Kundura ( ayakkabı ) imal etmek için, evvel sol ve sağ ayak modelleri, sonra da bunların ahşap kalıpları yapılır. Kundura ( ayakkabı ) imalı genellikle 8 basamakta elde edilir. Hayvan derisi, kumaş ya da yapay deriden, ayakkabının sayası ve astarı mütenasip biçimde biçilir. Sayayı oluşturan taraflar ile astar birbirlerine dikilir. Ayrıca ayakkabının burnuna sertlik takdim eden lime ile topuğa yerleştirilen yumuşak lime da dikilir. Bağcık delikleri bu evrede açılır ve ayakkabının iç yüzüne numara ve model kabartmaları yapılır. İç ve dış taban kısımları ile topuklar yapılır. Bunlar çoğunlukla kösele, kauçuk, adı geçenlerin alaşımı yahut öteki suni malzemelerden gerçekleştirilir (yapılır). Topuklar tahta da olabilir. Kısımların eklenmesiyle meydana gelen saya, şeklin (kalıbın) üstüne gerilir; iç taban kısmına dikilir yahut çivilerle sabitlenerek kalıplanır. Saya ve iç taban kısmı, daimi şeklini edininceye kadar kalıpta kalır. Tabanlama aşamasında dış taban sayayla birleştirilir.
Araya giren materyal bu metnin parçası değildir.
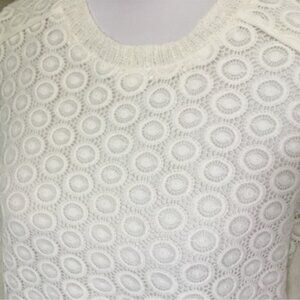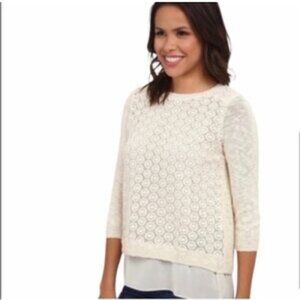 Beautiful crochet vanilla cream lace front, chiffon layer sweater by Lucky Brand.

Bu yönlendirme dikerek, tutkallayarak, çivileyerek ya da bunlardan bir takımı birden yerine getirilerek meydana getirilebilir.

1953'te ilerletilen 1 yöntemle kauçuk, polivinir krolür (PVC) ve poiüretan tabanlar kalıp-baskı metoduyla biçimlendirilir ve ayakkabının üstteki kısımı tek bir aşamada yapıştırılır. Topuklama sürecinde topuk ayakkabının tabanıyla birleştirilir ve en son biçimini alır. Tamamlama, cilalama, kundurayı ( ayakkabıyı ) kalıptan çıkarma, topuk ve taban yastıklarının monte edilmesi aşamalarını kapsar. En son biçimini verme esnasında iplikler, fiyonklar ve tokalar iliştirilir.